Today we took a morning express train to Glasgow.  We visited the Burrell Collection and arrived in time for a guided tour. The Burrell Collection is approximately 9,000 objects donated to Glasgow city in 1944. The collection was amassed by shipping magnate Sir William Burrell and his wife over a 75-year period. It is housed in a purpose-built museum that includes Chinese, Medieval and French Impressionist Art.  There are also antiquities and decorative arts from around the world.

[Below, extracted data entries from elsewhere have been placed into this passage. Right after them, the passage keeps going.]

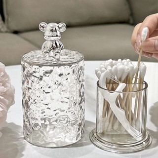 Porta Cotonete Palito Em Acrílico Cristal Com Tampa Urso Ou Coelho Elásticos Multiuso Universal Luxo
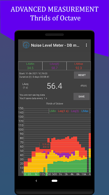此應用程序不是專為專業使用而設計的,它可以專業使用(只有正確調平),如果它沒有很好地調平。它不能保證準確測量噪聲。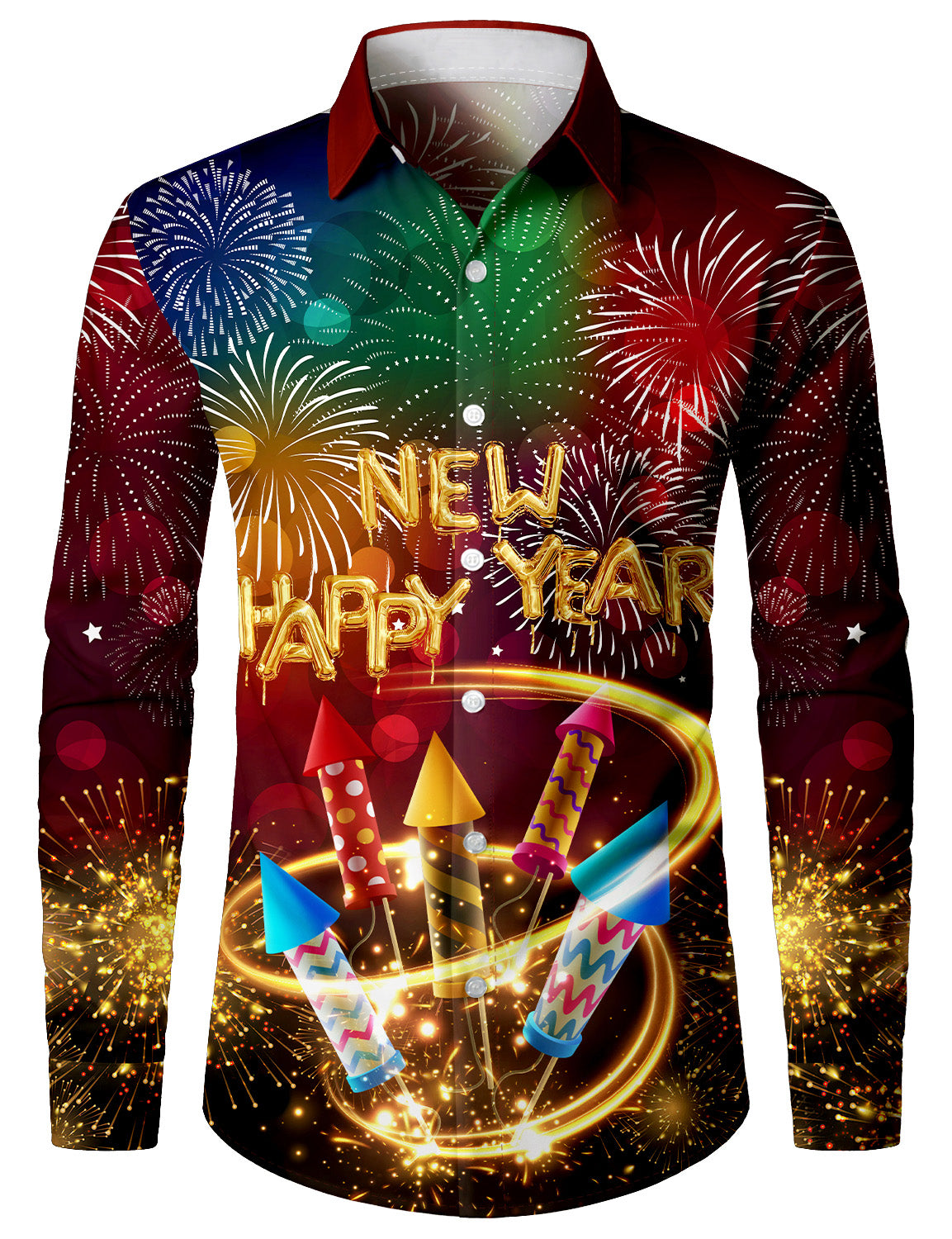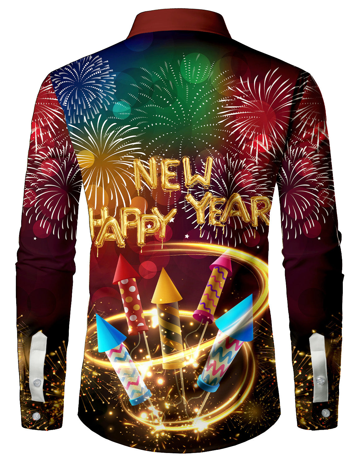 Herren Langärmliges Hemd mit Neujahrs-Print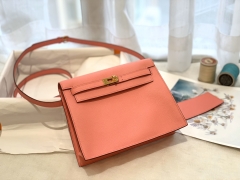 爱马仕女包批发 新到现货 Kelly Danse 小肩包 一包多用法 evercolor皮 龙虾粉
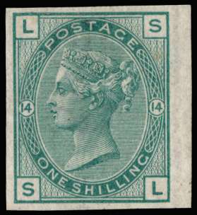 1876 1s Green Pl.14. Very fine unused o.g. imperforate imprimatur lettered SL. Very rare, one of only 21 possible examples of this rare "abnormal" issue, many of which are in institutional collections. SG 150var, £25,000.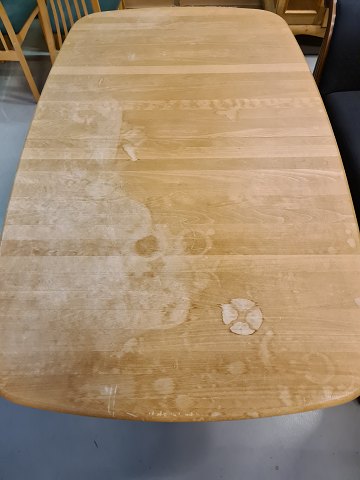 Spisebord med 1 tillægsplade og 6 stole i massivt bøgetræ, fra 2000erne.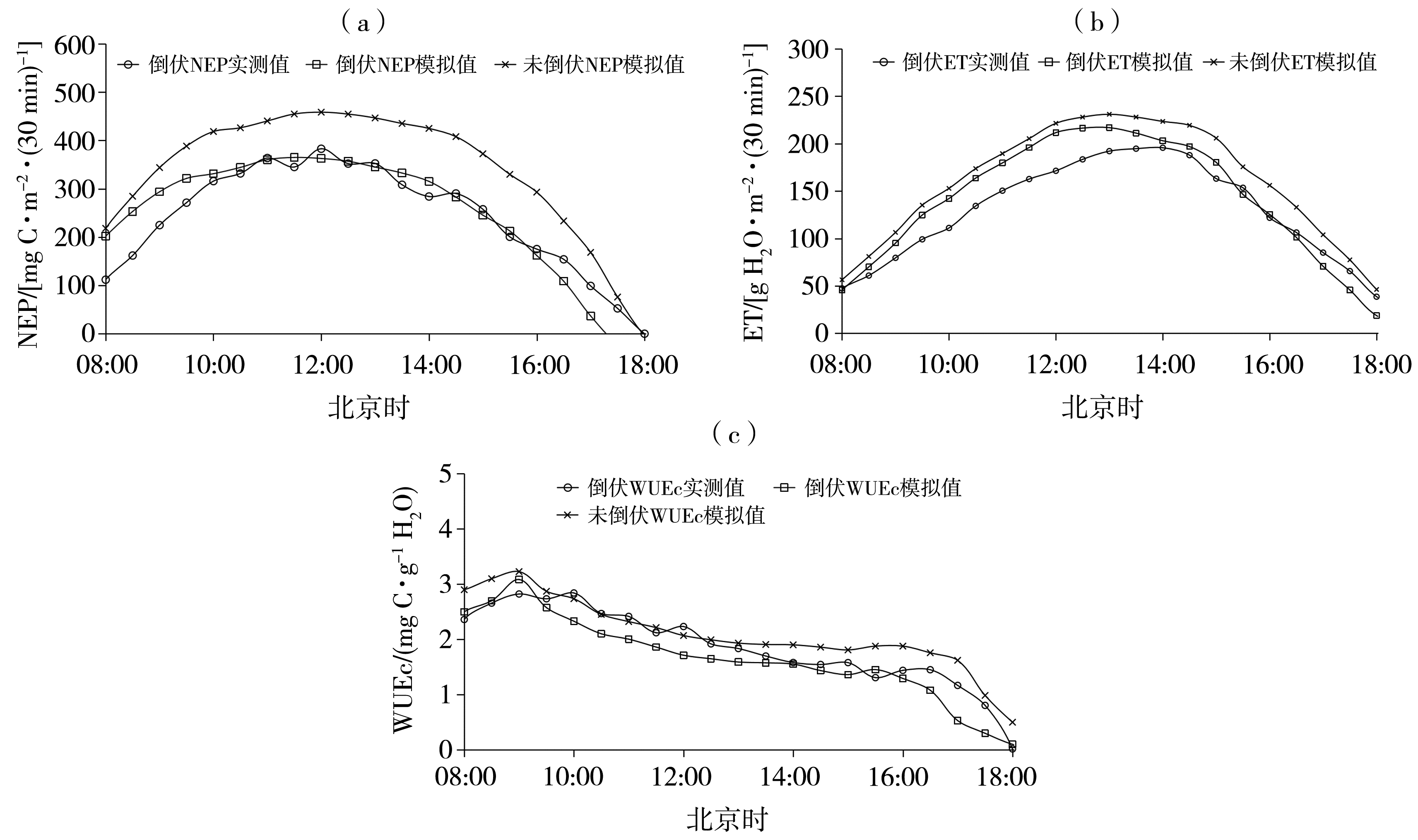 | Fig.3 Diurnal variations of simulated NEP (a), ET (b), and WUEc (c) for non-lodging summer maize, and the observed and simulated values after lodging from the milk stage to the maturity stage in 2016 |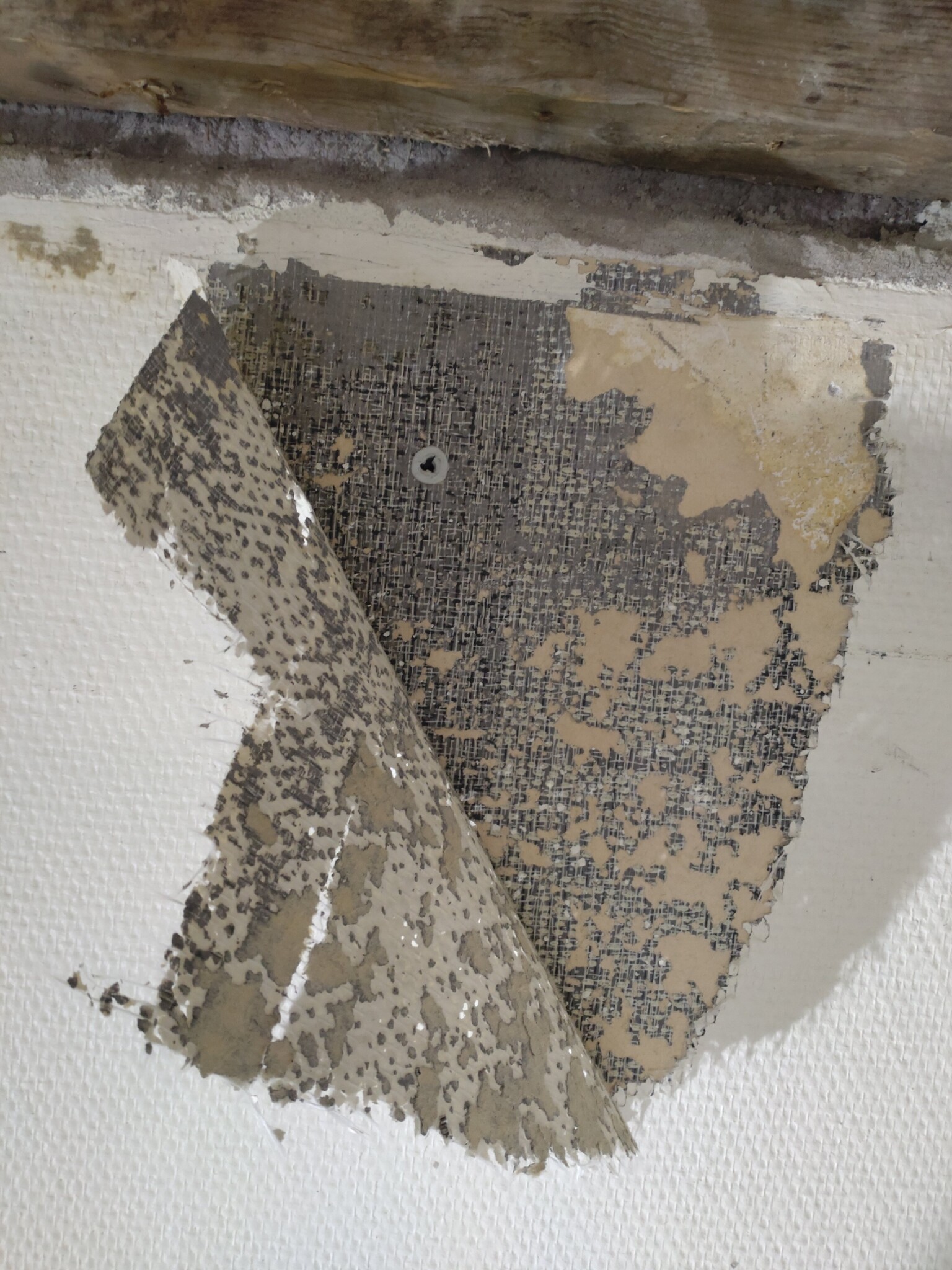 Renoverar hallen och skall bredspackla inför målning. Nu sitter där målad glasfiberväv. Den sitter bra med endast några små områden med bom, vilka jag kan skära bort. Å andra sidan verkar jag kunna dra av den i stora sjok om jag tar i lite, och då blottas tapeten under (se bilden). Skulle ni i detta fall försöka slita ner väven, eller spackla på väven?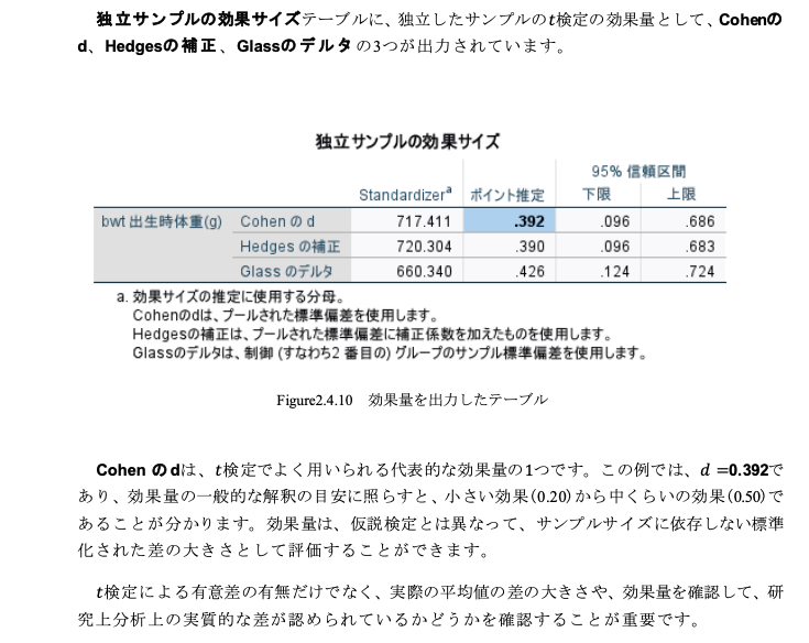 出力した結果の解釈方法を丁寧に解説しています。例えば、なぜ有意確率だけでなく信頼区間を見なければいけないのか、どのように読み取るのか、効果量の解釈なども理解できます。

We especially liked the tapestries, including one featuring Vasco Da Gama and some camels, and a Chinese ceramic version of a rhinoceros.  The tapestry with Vasco Da Gama is known as the Camel Caravan tapestry.  It is one tapestry from a set of early 16th-century tapestries depicting scenes from Vasco da Gama's voyages to India in the late 1490s and early 1500s.  The tapestries were commissioned by King Manuel I of Portugal.  Camels were exotic animals and the tapestry weavers and designers had to imagine what they looked like based on the travelers' accounts and descriptions.


After visiting the Burrell Collection, we took a walk around downtown Glasgow.  This included a look at the Wellington Statue, a bronze sculpture of the Duke of Wellington on a horse, famous for the traffic cone that is almost permanently placed on the Duke's head.  The statue was made in 1844 and the tradition of placing a traffic cone on it dates from the 1980s.  The artist Banksy called the statue his "favourite work of art in the UK".